Lang ein „Persischer“ Golf

Seitdem regiert König Hamad gegen die Mehrheit seiner Bevölkerung, von aussen bedroht durch Iran. Das alte Persien hatte im 17./18. Jahrhundert auch die Südküste des Golfs beherrscht, wovon bis heute der Name Persischer Golf geblieben ist. 1783 machte sich Bahrain selbstständig, konnte seine Eigenstaatlichkeit aber nur mit Hilfe der Engländer aufrecht halten, die bis 1971 die Oberherrschaft ausübten.
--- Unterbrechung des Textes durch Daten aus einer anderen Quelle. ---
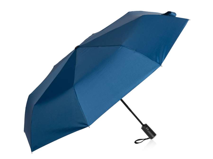 Купол зонта выполнен из переработанного пластика. Гибкие спицы из стекловолокна делают зонт стойким к порывам ветра. Удобная ручка софт тач. Фиксирующая купол застежка на липучке шириной 3 см - дополнительная опция для нанесения вашего логотипа.
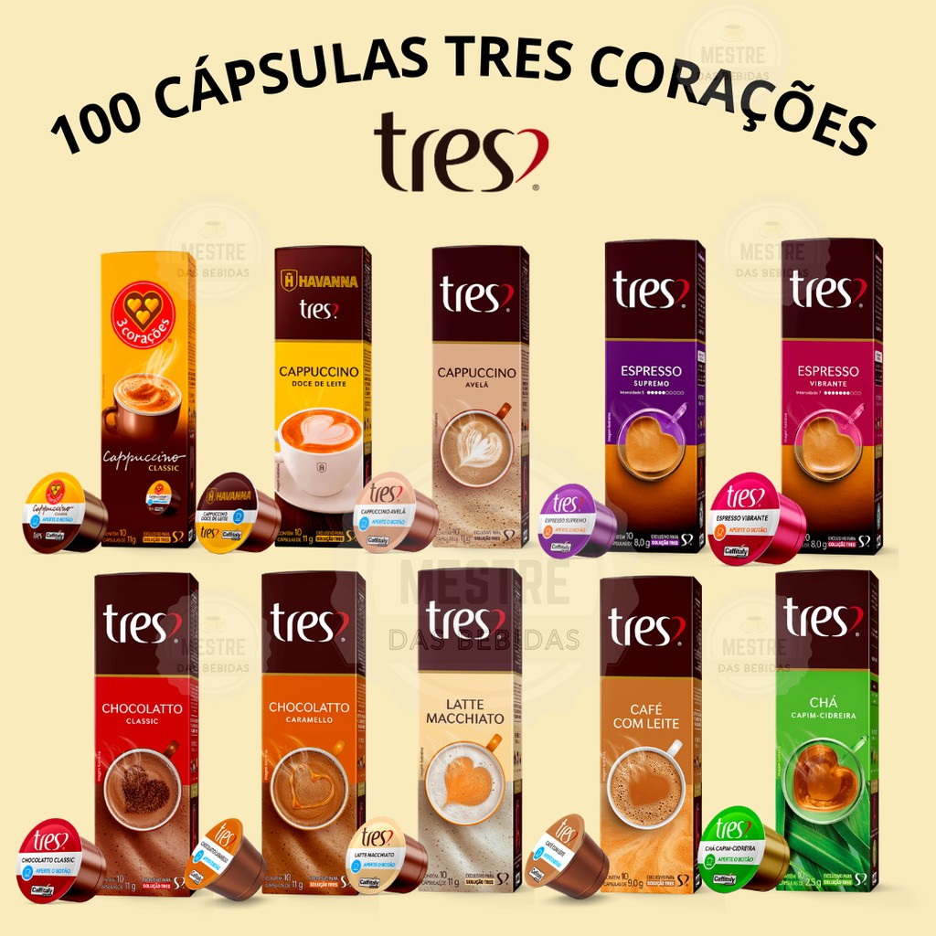 100 Cápsulas Três Coraçoes Cremosos Espressos Filtrados Chás Monte seu Kit

Die Schahs hatten diese Loslösung nie anerkannt, erst ihr letzter, Reza Pahlewi, wurde 1970 durch westlichen Druck dazu genötigt.

 

„Abraham“ für Bahrain Überlebensfrage

Die Islamische Revolution von Ayatollah Khomeini hatte 1979 nichts Eiligeres zu tun, als Bahrain wieder für Teheran zu beanspruchen. Dabei ist es bis heute geblieben. Für Bahrain war daher jetzt das Zusammenrücken mit Jerusalem als Hauptgegner der iranischen Ayatollahs eine Überlebensfrage. Den Boden dafür haben in dem Golfkönigreich seine fast gut 15 Prozent Christen mit ihrer Bejahung von Israel aufbereitet. Die Golfregion war schon in vorislamischer Zeit von den syrischen Kirchen missioniert worden. Die Muslime zwangen die Christen zur Abgabe der Hälfte ihres Besitzes und ihrer Einkünfte.

 

Nahostfrieden muss ein Religionsfrieden sein

Das hatte dem  Glauben an Jesus in der Folge fast alle Bekenner geraubt. Erst 1890 kamen englische Missionare nach Bahrain. Auf ihr Wirken geht heute die „Nationale Evangelikale Kirche“ zurück, der fünf Prozent der Bevölkerung angehören. Unter den anderen Freikirchen ist „Jesus Comes Ministry“ aktiv, das auf den 1963 von Jesus erweckten indischen Evangelisten John Rabindranath zurückgeht. Nachdem dieser 1972 auf den Andamanen gepredigt hatte, kam er im Jahr darauf erstmals nach Bahrain. Für seine Gemeinde ist nun das Abraham-Abkommen ein Vorzeichen von Jesu auch am Golf nahendem Reich.